The K and V tensors are separately quantizable from the model weights. A common configuration on modern serving stacks is FP16 weights with INT8 or FP8 KV — saves roughly 50% of cache memory at small quality cost, because KV values turn out to be more rounding-tolerant than the weights themselves (most attention weight in practice is concentrated in a few large values that survive quantization cleanly). Some stacks go further to INT4 KV with per-channel scaling.

This is the only reason 1M-token contexts work at all. At FP16, a 1M-token KV cache for a 70B model is roughly 320 GB; at INT4 it's 40 GB. The quality cost is real but small enough that the engineering case is unambiguous — the alternative is "you can't have million-token context." When you read about a new model offering a million-token window, KV quantization plus some flavor of attention compression (sliding window, sparse, latent) is doing the heavy lifting underneath.

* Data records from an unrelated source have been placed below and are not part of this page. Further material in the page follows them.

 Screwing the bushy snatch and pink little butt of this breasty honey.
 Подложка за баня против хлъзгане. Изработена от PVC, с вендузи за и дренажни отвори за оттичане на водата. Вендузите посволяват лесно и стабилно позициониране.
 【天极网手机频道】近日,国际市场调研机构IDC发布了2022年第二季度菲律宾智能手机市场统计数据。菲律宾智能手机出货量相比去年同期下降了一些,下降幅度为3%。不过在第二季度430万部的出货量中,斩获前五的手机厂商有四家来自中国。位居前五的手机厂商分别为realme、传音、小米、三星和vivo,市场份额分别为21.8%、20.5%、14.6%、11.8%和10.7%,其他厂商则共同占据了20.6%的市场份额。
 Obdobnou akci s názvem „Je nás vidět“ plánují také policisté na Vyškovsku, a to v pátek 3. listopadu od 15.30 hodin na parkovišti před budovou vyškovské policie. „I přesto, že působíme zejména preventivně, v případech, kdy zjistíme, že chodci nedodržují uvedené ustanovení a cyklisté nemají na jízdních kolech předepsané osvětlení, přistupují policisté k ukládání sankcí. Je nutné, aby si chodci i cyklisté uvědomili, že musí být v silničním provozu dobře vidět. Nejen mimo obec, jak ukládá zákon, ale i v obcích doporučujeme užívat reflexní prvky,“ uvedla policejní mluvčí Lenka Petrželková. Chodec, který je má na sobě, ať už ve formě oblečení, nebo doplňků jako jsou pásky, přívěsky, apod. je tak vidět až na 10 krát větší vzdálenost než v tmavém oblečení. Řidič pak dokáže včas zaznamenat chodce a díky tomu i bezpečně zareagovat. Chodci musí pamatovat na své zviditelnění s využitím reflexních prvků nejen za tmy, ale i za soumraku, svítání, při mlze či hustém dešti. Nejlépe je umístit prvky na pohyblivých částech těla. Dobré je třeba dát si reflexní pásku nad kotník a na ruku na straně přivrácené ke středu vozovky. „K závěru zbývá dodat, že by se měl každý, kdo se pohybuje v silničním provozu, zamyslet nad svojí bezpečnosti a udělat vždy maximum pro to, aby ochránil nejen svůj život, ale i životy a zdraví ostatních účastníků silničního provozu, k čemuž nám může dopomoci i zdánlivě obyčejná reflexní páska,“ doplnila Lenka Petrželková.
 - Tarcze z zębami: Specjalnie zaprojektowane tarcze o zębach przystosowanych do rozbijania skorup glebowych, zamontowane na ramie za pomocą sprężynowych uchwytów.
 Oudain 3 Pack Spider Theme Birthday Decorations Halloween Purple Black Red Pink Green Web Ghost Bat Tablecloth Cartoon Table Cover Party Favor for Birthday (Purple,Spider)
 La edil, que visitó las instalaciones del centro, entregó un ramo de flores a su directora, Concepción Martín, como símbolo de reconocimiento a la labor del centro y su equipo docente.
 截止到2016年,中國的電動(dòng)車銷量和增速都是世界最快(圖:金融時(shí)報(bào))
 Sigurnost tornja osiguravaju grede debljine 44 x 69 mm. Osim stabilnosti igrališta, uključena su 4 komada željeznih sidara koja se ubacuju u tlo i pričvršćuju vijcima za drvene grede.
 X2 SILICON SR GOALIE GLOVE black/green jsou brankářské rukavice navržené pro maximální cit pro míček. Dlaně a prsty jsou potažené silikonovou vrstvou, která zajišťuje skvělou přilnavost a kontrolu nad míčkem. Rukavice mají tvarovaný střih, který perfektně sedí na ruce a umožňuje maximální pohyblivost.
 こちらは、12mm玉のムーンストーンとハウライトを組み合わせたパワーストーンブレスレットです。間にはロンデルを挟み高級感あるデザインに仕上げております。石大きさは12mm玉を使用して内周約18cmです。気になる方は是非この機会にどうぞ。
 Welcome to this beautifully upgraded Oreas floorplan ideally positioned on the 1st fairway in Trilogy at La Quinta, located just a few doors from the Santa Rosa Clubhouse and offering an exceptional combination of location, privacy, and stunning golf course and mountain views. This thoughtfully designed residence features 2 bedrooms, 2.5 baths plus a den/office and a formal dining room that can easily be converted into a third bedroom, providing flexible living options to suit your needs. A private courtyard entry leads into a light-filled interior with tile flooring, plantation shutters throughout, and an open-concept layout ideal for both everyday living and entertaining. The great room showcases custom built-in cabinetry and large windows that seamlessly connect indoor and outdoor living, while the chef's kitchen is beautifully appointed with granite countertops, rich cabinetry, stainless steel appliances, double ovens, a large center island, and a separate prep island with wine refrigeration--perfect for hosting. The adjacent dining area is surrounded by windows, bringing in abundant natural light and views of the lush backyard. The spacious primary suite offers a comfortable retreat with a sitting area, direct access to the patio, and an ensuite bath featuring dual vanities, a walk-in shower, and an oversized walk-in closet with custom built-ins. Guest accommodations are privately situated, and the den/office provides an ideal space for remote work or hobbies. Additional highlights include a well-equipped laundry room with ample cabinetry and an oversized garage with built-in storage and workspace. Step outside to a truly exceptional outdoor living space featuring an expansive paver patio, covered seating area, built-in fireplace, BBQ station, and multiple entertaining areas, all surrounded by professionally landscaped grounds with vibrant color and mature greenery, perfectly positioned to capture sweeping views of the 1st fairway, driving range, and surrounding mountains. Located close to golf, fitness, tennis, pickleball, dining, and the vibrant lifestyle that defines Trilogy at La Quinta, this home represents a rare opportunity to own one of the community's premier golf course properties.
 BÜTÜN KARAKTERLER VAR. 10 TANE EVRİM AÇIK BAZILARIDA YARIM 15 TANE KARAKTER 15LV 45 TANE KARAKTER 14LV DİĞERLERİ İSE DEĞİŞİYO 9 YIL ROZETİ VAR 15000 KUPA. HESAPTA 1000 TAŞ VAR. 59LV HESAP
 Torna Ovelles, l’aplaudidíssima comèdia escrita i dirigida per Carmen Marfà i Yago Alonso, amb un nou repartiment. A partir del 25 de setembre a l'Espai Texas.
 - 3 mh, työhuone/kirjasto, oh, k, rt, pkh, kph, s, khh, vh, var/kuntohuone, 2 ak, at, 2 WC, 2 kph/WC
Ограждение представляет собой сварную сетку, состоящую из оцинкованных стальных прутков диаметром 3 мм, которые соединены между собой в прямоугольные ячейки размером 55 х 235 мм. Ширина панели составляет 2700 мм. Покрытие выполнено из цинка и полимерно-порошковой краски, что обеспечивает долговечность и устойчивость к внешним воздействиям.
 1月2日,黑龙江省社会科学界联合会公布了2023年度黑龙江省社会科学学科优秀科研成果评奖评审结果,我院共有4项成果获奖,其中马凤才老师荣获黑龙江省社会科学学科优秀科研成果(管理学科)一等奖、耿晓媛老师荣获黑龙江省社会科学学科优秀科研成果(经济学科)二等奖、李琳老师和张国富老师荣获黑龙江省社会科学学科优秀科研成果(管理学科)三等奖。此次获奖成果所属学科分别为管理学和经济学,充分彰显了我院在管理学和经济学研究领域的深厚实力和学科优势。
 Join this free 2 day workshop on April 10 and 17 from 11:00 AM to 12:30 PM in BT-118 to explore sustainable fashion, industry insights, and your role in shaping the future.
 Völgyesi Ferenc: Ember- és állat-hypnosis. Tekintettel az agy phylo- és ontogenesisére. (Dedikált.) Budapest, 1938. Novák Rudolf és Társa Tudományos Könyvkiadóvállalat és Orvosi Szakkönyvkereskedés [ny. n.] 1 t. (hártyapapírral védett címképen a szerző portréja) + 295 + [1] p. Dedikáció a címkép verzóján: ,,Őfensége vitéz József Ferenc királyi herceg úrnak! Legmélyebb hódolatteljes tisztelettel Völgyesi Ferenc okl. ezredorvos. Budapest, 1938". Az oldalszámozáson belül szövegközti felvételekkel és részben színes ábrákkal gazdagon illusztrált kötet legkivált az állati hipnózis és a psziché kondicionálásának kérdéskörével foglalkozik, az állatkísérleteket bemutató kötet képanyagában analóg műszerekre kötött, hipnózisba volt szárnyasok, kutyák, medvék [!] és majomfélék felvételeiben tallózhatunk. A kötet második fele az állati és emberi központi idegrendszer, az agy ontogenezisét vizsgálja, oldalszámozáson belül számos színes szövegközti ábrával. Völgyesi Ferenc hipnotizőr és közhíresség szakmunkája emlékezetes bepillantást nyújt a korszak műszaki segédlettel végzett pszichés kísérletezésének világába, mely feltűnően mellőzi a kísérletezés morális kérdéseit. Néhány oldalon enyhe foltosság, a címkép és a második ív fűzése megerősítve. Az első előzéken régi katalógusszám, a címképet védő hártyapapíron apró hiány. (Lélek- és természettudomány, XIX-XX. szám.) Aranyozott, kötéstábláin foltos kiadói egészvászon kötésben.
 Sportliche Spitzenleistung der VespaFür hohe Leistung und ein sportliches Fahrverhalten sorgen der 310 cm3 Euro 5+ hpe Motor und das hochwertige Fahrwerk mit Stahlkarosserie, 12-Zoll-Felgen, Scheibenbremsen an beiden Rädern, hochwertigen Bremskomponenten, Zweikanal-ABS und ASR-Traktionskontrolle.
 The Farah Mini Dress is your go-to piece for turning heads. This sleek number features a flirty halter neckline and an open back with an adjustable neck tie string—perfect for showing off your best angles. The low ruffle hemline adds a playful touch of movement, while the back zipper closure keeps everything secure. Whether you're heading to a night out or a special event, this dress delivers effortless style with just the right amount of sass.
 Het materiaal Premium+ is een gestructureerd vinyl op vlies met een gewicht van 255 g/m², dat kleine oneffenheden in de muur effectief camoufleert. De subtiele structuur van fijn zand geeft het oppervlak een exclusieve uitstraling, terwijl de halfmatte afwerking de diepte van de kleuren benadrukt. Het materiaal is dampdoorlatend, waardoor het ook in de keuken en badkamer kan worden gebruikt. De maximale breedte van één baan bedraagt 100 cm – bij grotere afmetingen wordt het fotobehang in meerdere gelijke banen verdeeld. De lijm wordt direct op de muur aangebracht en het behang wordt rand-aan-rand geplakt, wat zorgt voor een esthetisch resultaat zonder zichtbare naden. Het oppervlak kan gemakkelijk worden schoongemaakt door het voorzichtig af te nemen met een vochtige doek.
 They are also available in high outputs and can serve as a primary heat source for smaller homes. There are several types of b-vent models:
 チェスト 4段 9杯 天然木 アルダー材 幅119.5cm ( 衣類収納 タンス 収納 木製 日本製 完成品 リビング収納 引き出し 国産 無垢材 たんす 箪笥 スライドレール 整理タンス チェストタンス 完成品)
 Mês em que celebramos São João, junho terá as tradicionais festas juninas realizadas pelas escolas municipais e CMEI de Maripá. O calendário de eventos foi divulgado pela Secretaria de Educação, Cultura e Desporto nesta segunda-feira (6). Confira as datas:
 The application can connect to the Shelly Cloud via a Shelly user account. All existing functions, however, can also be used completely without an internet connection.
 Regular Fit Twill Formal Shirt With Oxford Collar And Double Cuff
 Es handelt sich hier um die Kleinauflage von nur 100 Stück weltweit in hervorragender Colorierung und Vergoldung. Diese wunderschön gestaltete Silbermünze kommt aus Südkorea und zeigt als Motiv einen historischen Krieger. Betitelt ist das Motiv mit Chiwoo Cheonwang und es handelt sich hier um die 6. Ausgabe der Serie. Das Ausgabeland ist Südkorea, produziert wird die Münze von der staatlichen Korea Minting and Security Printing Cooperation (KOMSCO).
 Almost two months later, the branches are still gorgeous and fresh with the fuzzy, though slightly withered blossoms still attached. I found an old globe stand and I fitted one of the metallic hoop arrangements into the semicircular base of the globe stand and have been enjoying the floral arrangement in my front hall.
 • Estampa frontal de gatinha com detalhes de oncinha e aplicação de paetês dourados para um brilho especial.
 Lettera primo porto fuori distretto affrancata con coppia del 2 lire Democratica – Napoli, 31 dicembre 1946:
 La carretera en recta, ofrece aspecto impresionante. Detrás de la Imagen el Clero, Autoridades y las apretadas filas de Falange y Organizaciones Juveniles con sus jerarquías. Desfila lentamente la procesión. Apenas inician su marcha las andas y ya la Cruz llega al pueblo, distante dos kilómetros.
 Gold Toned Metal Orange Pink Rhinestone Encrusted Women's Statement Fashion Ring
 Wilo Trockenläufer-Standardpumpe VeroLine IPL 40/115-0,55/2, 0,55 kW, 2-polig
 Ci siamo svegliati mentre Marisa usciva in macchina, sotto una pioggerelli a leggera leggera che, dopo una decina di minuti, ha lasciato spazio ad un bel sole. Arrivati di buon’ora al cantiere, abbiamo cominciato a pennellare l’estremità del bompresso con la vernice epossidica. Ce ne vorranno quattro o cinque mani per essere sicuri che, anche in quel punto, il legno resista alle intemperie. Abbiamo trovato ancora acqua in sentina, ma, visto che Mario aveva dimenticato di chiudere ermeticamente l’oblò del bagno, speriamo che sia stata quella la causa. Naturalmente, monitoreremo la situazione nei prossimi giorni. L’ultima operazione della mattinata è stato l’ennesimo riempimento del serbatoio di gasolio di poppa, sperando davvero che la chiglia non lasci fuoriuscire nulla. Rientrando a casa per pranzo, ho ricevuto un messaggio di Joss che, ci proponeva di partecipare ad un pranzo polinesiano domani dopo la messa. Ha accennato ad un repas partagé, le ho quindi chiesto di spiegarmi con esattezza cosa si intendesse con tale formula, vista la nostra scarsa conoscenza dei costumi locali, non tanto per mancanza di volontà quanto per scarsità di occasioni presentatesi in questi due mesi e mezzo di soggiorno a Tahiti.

08What this means in practice

If your self-hosted model OOMs at sequence 4000 with batch 8 when it ran fine at 2000 with batch 8, the math is doing exactly what you'd predict: the KV cache doubled. If you're seeing throughput plateau well before the GPU is compute-bound, it's almost certainly cache-allocation overhead, not the matmul. Upgrading to a paged-attention serving stack (vLLM, SGLang, TensorRT-LLM with paged-KV enabled, TGI) is usually the highest-leverage single change you can make for serving — it's the difference between "this model is impractical to serve" and "this model is fine."

And if you're using a hosted API, prompt caching isn't a marketing gimmick — it's the API surface exposed by the same paged-cache machinery your self-hosted stack would use. Putting your stable system prompt and retrieved documents in front of the cache breakpoint isn't optimization; it's writing requests that match the shape of the underlying allocator.